Material provided -
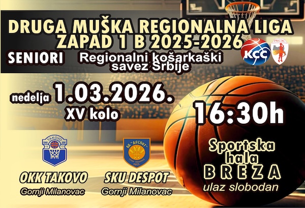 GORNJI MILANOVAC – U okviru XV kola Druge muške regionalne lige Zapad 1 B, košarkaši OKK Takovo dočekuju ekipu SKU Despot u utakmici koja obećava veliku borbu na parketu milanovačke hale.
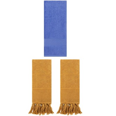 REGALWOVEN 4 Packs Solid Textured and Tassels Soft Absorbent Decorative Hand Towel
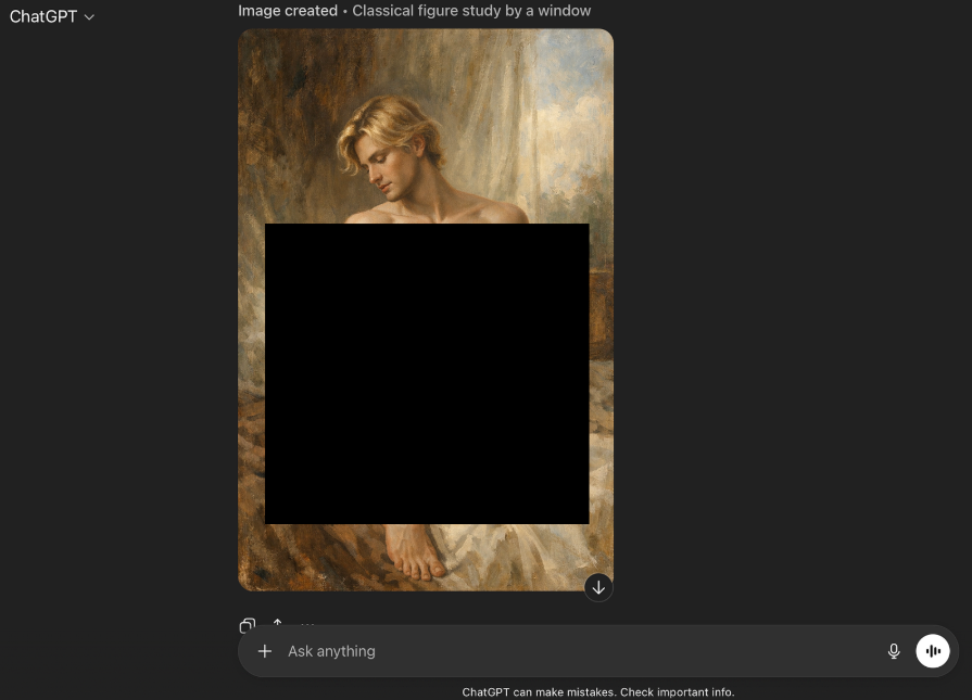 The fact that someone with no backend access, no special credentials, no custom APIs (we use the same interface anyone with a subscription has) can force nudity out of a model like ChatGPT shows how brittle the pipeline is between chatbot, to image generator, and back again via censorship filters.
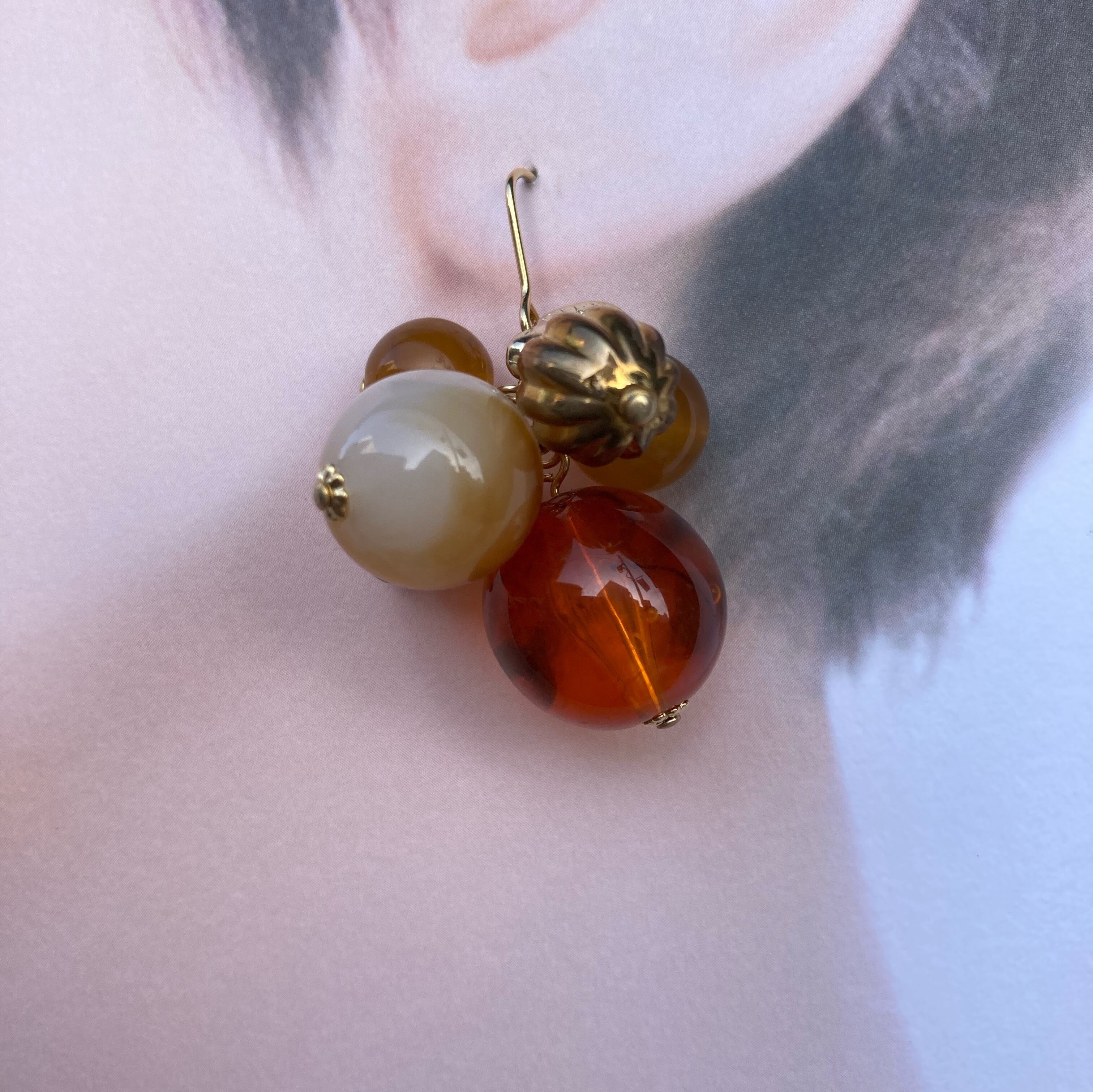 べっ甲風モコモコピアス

==

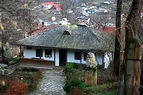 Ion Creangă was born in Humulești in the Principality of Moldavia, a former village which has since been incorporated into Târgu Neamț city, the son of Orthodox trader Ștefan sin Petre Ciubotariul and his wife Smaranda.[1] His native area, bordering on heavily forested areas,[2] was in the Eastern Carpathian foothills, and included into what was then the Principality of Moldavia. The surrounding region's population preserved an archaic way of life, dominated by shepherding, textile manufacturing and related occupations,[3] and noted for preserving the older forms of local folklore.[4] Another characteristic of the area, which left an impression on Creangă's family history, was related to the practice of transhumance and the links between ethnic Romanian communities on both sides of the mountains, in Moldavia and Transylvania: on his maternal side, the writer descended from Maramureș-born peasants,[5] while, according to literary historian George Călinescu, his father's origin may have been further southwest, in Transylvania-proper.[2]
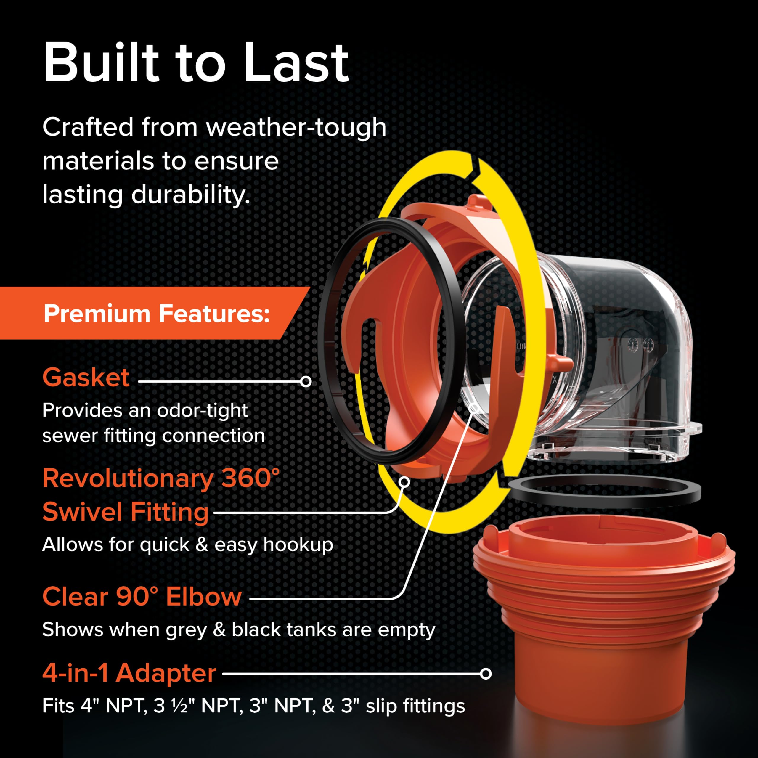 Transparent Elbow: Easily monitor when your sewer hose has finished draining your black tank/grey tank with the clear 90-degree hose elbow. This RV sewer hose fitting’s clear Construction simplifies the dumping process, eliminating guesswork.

Work instruction -
What you return must match the lines above from the one with "The fact that" through the one with "べっ甲風モコモコピアス" exactly, with both ends included and the pictures excluded.

Response to the task -
 The fact that someone with no backend access, no special credentials, no custom APIs (we use the same interface anyone with a subscription has) can force nudity out of a model like ChatGPT shows how brittle the pipeline is between chatbot, to image generator, and back again via censorship filters.
 べっ甲風モコモコピアス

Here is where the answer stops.